Breast cancer genome-wide association studies (GWASs) have identified 150 genomic risk regions containing more than 13,000 credible causal variants (CCVs). The CCVs are predominantly noncoding and enriched in regulatory elements. However, the genes underlying breast cancer risk associations are largely unknown. Here, we used genetic colocalization analysis to identify loci at which gene expression could potentially explain breast cancer risk phenotypes. Using data from the Breast Cancer Association Consortium (BCAC) and quantitative trait loci (QTL) from the Genotype-Tissue Expression (GTEx) project and The Cancer Genome Project (TCGA), we identify shared genetic relationships and reveal novel associations between cancer phenotypes and effector genes.
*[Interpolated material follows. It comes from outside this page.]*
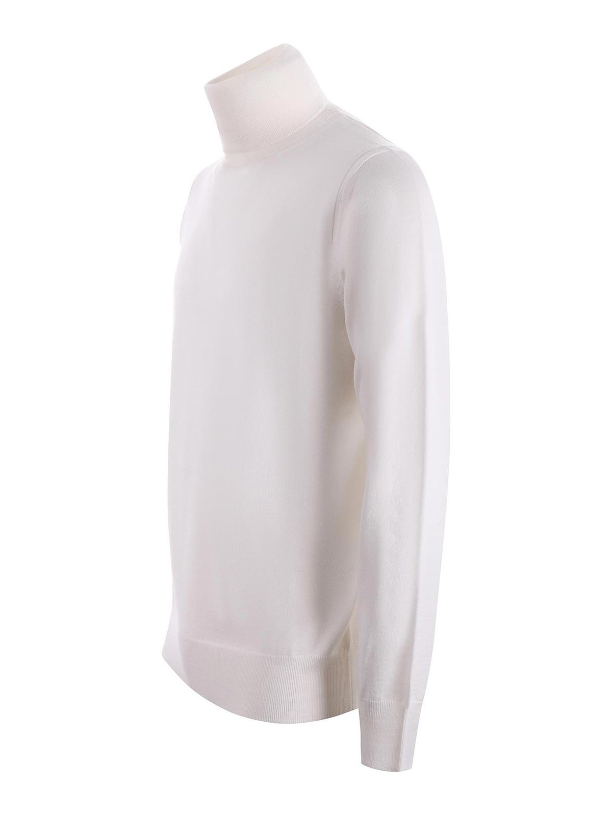 Jersey Paolo pecora dolce vita de lana virgen. Cuello alto con solapa. Mangas largas. Puños y dobladillo acanalados. Calibre 16. La talla M se muestra en la foto 100% lana virgen

Seventeen genes, including NTN4, were identified as potential mediators of breast cancer risk. For NTN4, we showed the rs61938093 CCV at this region was located within an enhancer element that physically interacts with the NTN4 promoter, and the risk allele reduced NTN4 promoter activity. Furthermore, knockdown of NTN4 in breast cells increased cell proliferation in vitro and tumor growth in vivo. These data provide evidence linking risk-associated variation to genes that may contribute to breast cancer predisposition.

乳腺癌全基因组关联研究（GWAS）已鉴定出150个基因组风险区域，其中包含13,000多个可靠的因果变异体（CCV）。CCV主要是非编码的，并且富含调控元件。然而，乳腺癌风险关联的潜在基因在很大程度上尚不清楚。在这里，我们使用遗传共定位分析来确定基因表达可能解释乳癌风险表型的基因座。使用来自乳腺癌协会协会（BCAC）和基因型组织表达（GTEx）项目和癌症基因组项目（TCGA）的数量性状基因位点（QTL）的数据，我们确定了共享的遗传关系，并揭示了癌症表型与癌症之间的新型关联。效应基因。十七个基因，包括NTN4被确定为潜在的乳腺癌风险介质。对于NTN4，我们显示rs61938093 CCV位于此区域，位于与NTN4启动子发生物理相互作用的增强子内，而风险等位基因降低了NTN4启动子的活性。此外，敲除乳腺细胞中的NTN4可增加体外细胞增殖和体内肿瘤生长。这些数据提供了将风险相关变异与可能导致乳腺癌易感性的基因相关联的证据。